Mamm Genome. 2010 Oct;21(9-10):509-15. doi: 10.1007/s00335-010-9290-6. Epub 2010 Oct 16.
Hair is a unique structure, characteristic of mammals, controlling body homeostasis, as well as cell and tissue integration. Previous studies in dog, mouse, and rat have identified polymorphisms in Keratin 71 (KRT71) as responsible for the curly/wavy phenotypes. The coding sequence and the 3' UTR of KRT71 were directly sequenced in randomly bred and pedigreed domestic cats with different pelage mutations, including hairless varieties. A SNP altering a splice site was identified in the Sphynx breed and suggested to be the hairless (hr) allele, and a complex sequence alteration, also causing a splice variation, was identified in the Devon Rex breed and suggested to be the curly (re) allele. The polymorphisms were genotyped in approximately 200 cats. All the Devon Rex were homozygous for the complex alterations and most of the Sphynx were either homozygous for the hr allele or compound heterozygotes with the Devon-associated re allele, suggesting that the phenotypes are a result of the identified SNPs. Two Sphynx carrying the proposed hr mutation did not carry the Devon-associated alteration. No other causative mutations for eight different rexoid and hairless cat phenotypes were identified. The allelic series KRT71( + ) > KRT71( hr ) > KRT71( re ) is suggested.

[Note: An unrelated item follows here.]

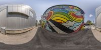 In Salt Lake City, Utah, a vibrant graffiti wall enhances the concrete street in the art district. The clear sky casts hard shadows on the road, creating a low profile. Explore the street art and storefronts in this unique urban landscape.
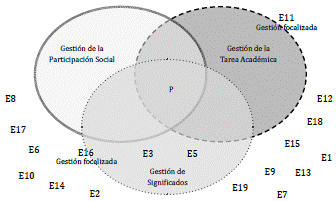 Mediante los análisis realizados se identifican diversas modalidades y grados de presencia docente desplegados por los participantes del caso estudiado (véase la figura 2). Se encuentra una modalidad denominada Gestión de la presencia docente, a la que se le atribuye un grado total puesto que se da como resultado de un perfil estructural idóneo y de un análisis de contenido idóneo representado en la intersección de las tres gestiones estudiadas (tarea académica, participación social y significados). Bajo esta modalidad y grado se identifica a P, como portador efectivo de presencia docente.

毛发是哺乳动物特有的一种结构,它可以控制身体的动态平衡,以及细胞和组织的整合。之前在狗、老鼠和老鼠身上的研究已经确定了角蛋白 71(KRT71)的多态性是导致毛发卷曲/波浪状表型的原因。本研究在具有不同皮毛突变的随机繁殖和 pedigreed 家猫中直接对 KRT71 的编码序列和 3'UTR 进行测序,包括无毛品种。在斯芬克斯品种中发现了一个改变剪接位点的 SNP,并认为它是无毛(hr)等位基因,而在德文雷克斯品种中发现了一个复杂的序列改变,也导致了剪接变异,被认为是卷曲(re)等位基因。在大约 200 只猫中对这些多态性进行了基因分型。所有的德文雷克斯猫都是复杂改变的纯合子,大多数斯芬克斯猫要么是 hr 等位基因的纯合子,要么是与德文雷克斯相关的 re 等位基因的复合杂合子,这表明这些表型是由鉴定出的 SNP 引起的。两只携带拟议的 hr 突变的斯芬克斯猫并不携带德文雷克斯相关的改变。没有发现其他 8 种不同雷克斯和无毛猫表型的致病突变。建议 KRT71(+)>KRT71(hr)>KRT71(re)的等位基因系列。